The US emitted over 1.55 billion metric tons of carbon dioxide from energy production in 2020 according to the US Energy Information Administration. Providing affordable and clean energy for all also requires an examination of how we use electricity and how we produce it. We can use our skills as chemists and chemical engineers to innovate less energy-intensive processes. We can investigate how the energy we use is produced and encourage our electric providers to use more environmentally friendly alternatives. We can advocate for environmental equity in communities where pollution from energy production has disproportionately affected people of color, including Indigenous communities.

We must ensure that sustainable consumption and production patterns become the norm as we reimagine the recycling triangle from “reduce, reuse, recycle” to “refuse, reuse, recycle.” By using total life-cycle analysis, we can better understand the impacts of end products and their disposal on our environments. We must move beyond considerations of production and use alone. Three billion people worldwide do not have access to proper waste facilities; therefore, waste disposal is unregulated, further contributing to health disparities in local communities. It is imperative the entire cycle of production, consumption, and disposal be evaluated more stringently. Consumers must insist that those who reap the benefits of production and consumption take joint responsibility for what happens at the end of product life.

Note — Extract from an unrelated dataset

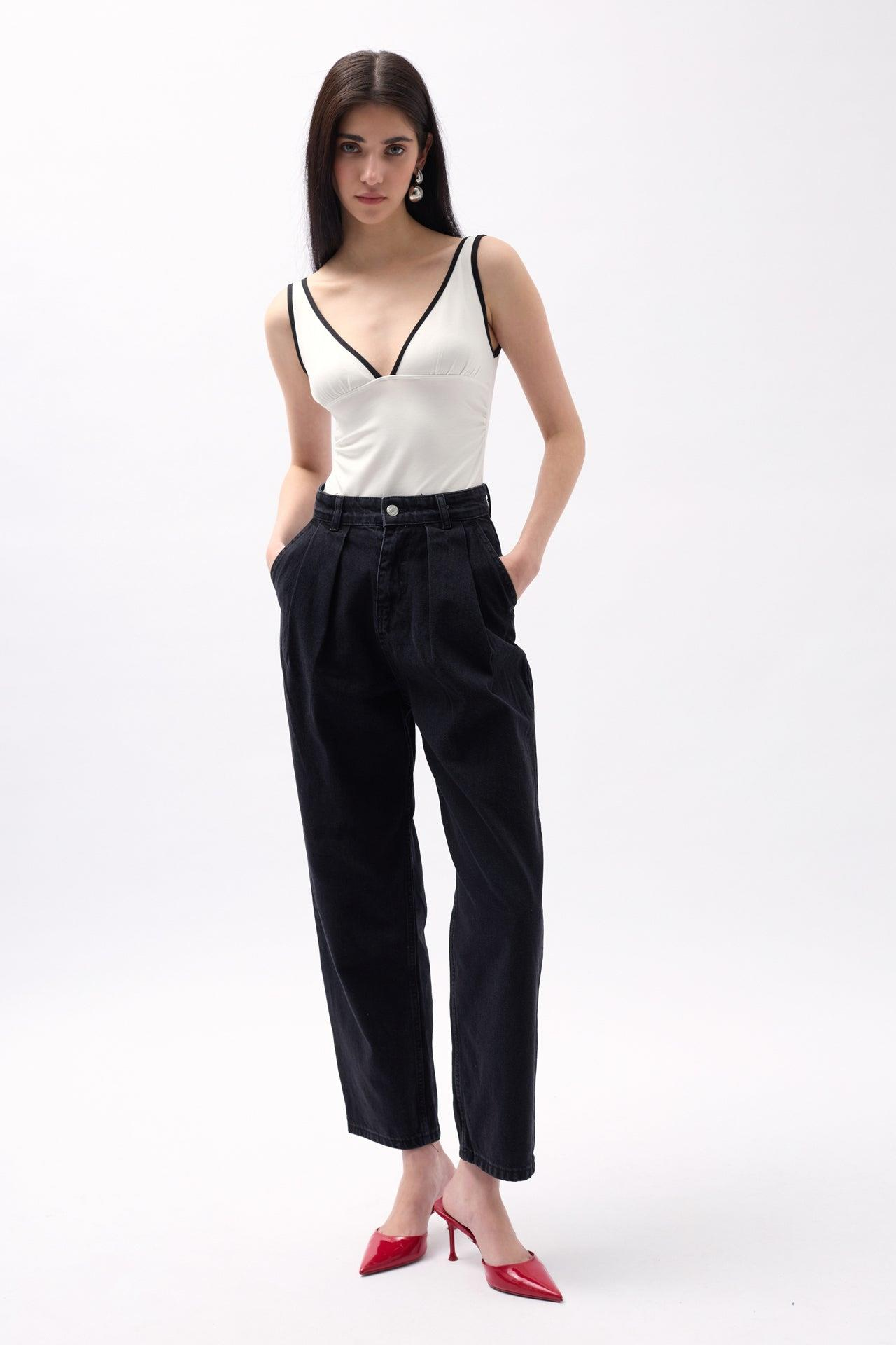 Pensli, Beş Cepli, Yüksek Bel, Mom Jean, İspanyol Paça, Önü Fermuarlı, Metal Düğmeli Manken Ölçüleri : Göğüs : 89 cm Bel : 68 cm Basen : 95 cm Manken Boy : 177 cm Kilo : 57 kg Manken üzerindeki M bedendir. Ürün İçeriği : 100 Pamuk Ürün Kodu : 23S05005

We must take immediate action to mitigate climate change. This begins with limiting our personal greenhouse gas emissions but also involves examining the choices we make each day in what we consume, how we consume it, and how we dispose of it. The ACS Climate Science Toolkit can help you better understand climate change and communicate with others. It is not enough to change our personal patterns; we must help and educate others.

As we work to build partnerships for sustainable development within our communities, with our employers, and within our homes, I challenge you to think at and beyond the bench. We cannot pretend that this message is new. We have heard it for over 60 years—since Rachel Carson’s Silent Spring was first published. Our progress has come in baby steps, but now our actions must be bolder. By working together, we can build a sustainable future for all. Where will you start? To quote John Lewis, “If not us, then who? If not now, then when?”

Views expressed are those of the author and not necessarily those of C&EN or ACS.